* [Brief]
As output, give the exact lines from the one containing "Entre los 35" through the end of the listing below, both included, without the pictures.

* [Dataset extract]
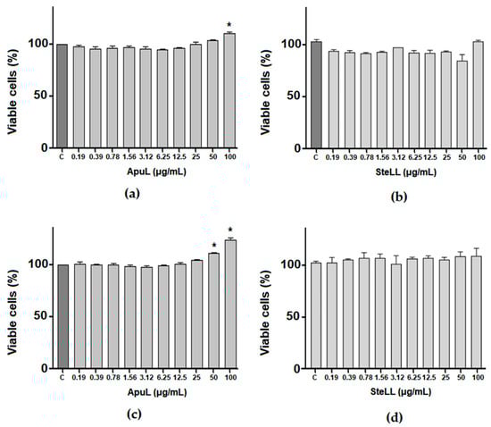 Evaluation of the viability of MSCs treated with different concentrations (0.19–100 μg/mL) of ApuL (a,c) or SteLL (b,d) for 24 h (a,b) and 48 h (c,d), using the MTT assay. The bars represent the mean cell viability (%) ± SD for three independent experiments performed in triplicate, considering the control group as 100% viability. (*) p < 0.05 in comparison with control (C).
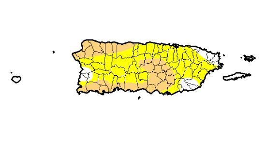 Entre los 35 municipios con partes o con la totalidad bajo este nivel de sequía están: Rincón, Aguada, Aguadilla, Moca, Isabela, Quebradillas, San Sebastián, Camuy, Hatillo, Arecibo y Barceloneta.
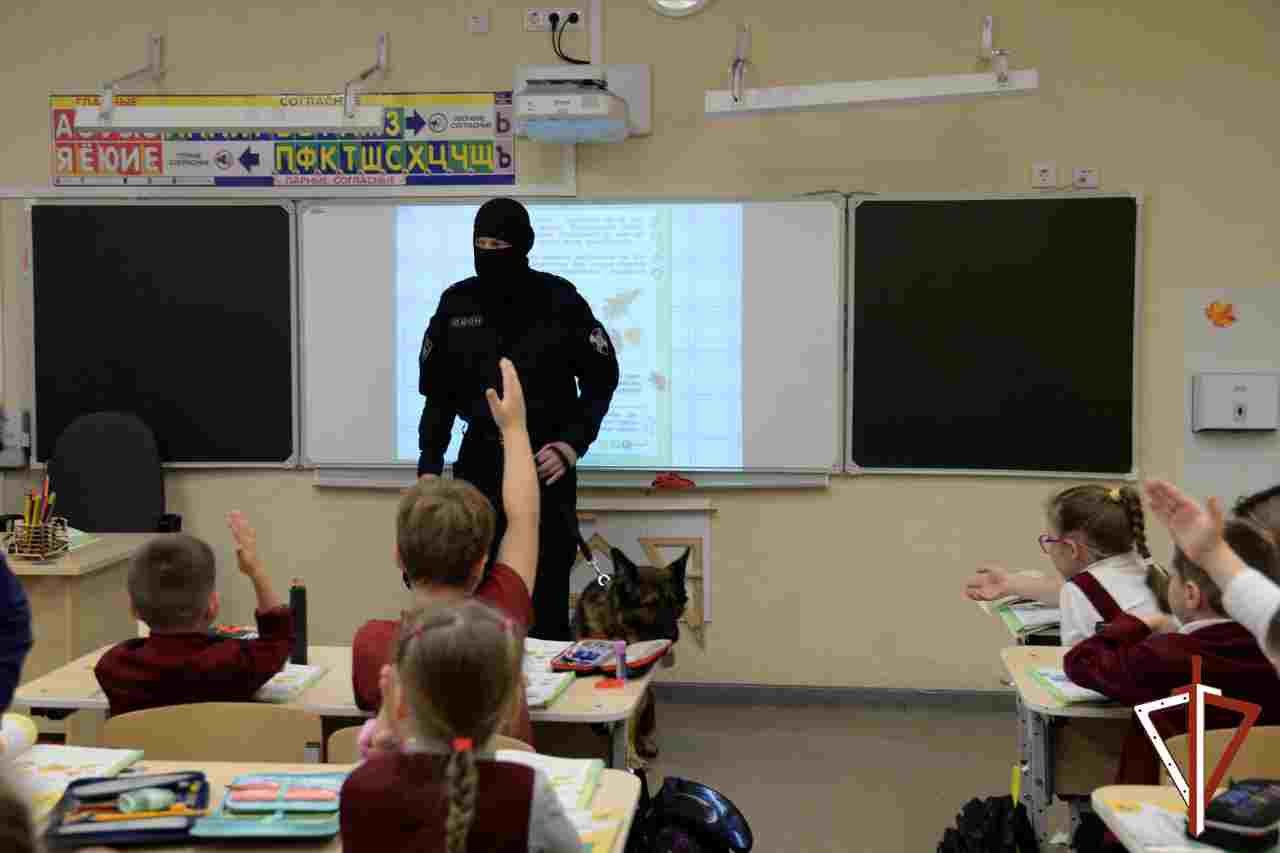 Кинологи Управления Росгвардии по Свердловской области рассказали екатеринбургским школьникам о правилах безопасности и своей профессии

* [Result for this task]
 Entre los 35 municipios con partes o con la totalidad bajo este nivel de sequía están: Rincón, Aguada, Aguadilla, Moca, Isabela, Quebradillas, San Sebastián, Camuy, Hatillo, Arecibo y Barceloneta.
 Кинологи Управления Росгвардии по Свердловской области рассказали екатеринбургским школьникам о правилах безопасности и своей профессии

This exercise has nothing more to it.